Aren't Cuban cigars illegal, you ask?

"Yes. Of course," she responds dryly. As in, we have a humidor stuffed with Monte Cristos and Cohibas-you think we're, like, worried?

The rules, indeed, are different here.

Even the lobby furniture challenges you to drop conventional notions. Near the entrance is a metal bed draped in a faux fur, where free-thinkers sprawl while they wait for whatever. Resting against a far wall is an oversize sofa with a towering winged back that makes loungers look like shrunken Alices. A gigantic lamp shade hangs over the front desk.

South Beach trumpets this place as a beacon of fresh chic that arrived, with perfect timing, to wave off the critics who would say the Beach is on the verge of losing its cool.

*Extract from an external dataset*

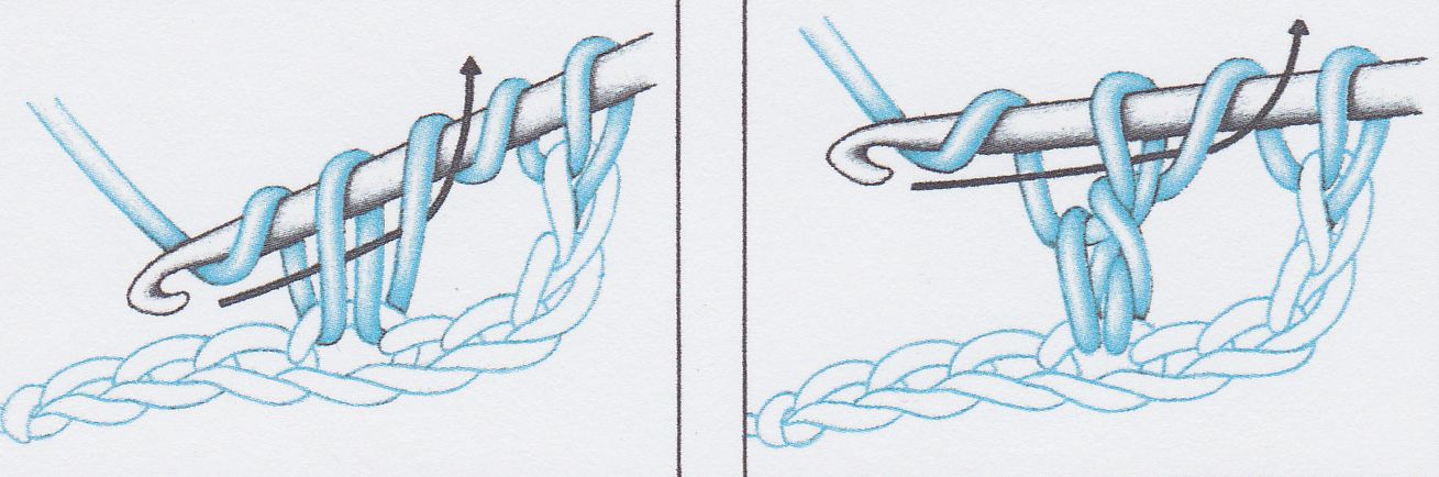 Na příkladu ukazujeme tři sloupky vpíchnuté do stejného oka, uháčkované ale vždy až po předposlední smyčku : nahodíme, vpíchneme do pátého oka od háčku, přízi nabereme dvěma smyčkami.Tak postupujeme ještě dvakrát.Všechny čtyři smyčky ležící na háčku sháčkujeme jedním nahozením a končíme jedním řetízkovým okem.

Only problem is, the Delano won't lay claim to South Beach.

It stands there on the edge of the Atlantic, in staunch disavowal of the Rollerbladers and the pastel pinks.

Says Schrager: "The Delano has nothing whatsoever to do with South Beach. Not because it's a rejection of what South Beach is-the scale of the whole area makes it a special place on earth, the way Venice is, the way Soho is, the way Old Havana is. But the Delano is more about southern Florida than a certain social phenomenon."

In other words, Schrager doesn't want to succumb to the fickleness of a fad. You won't find a single Rollerblader here. He reinvented the Delano as a self-contained resort that could sustain its own magic.

"Fashion is very transitory," he says. "Those things come and go. We did not conceive the Delano as part of South Beach."

Perhaps that is why the blue door at the front of the hotel does not open.

"It's just for show," shrugs a valet who obviously retains perspective.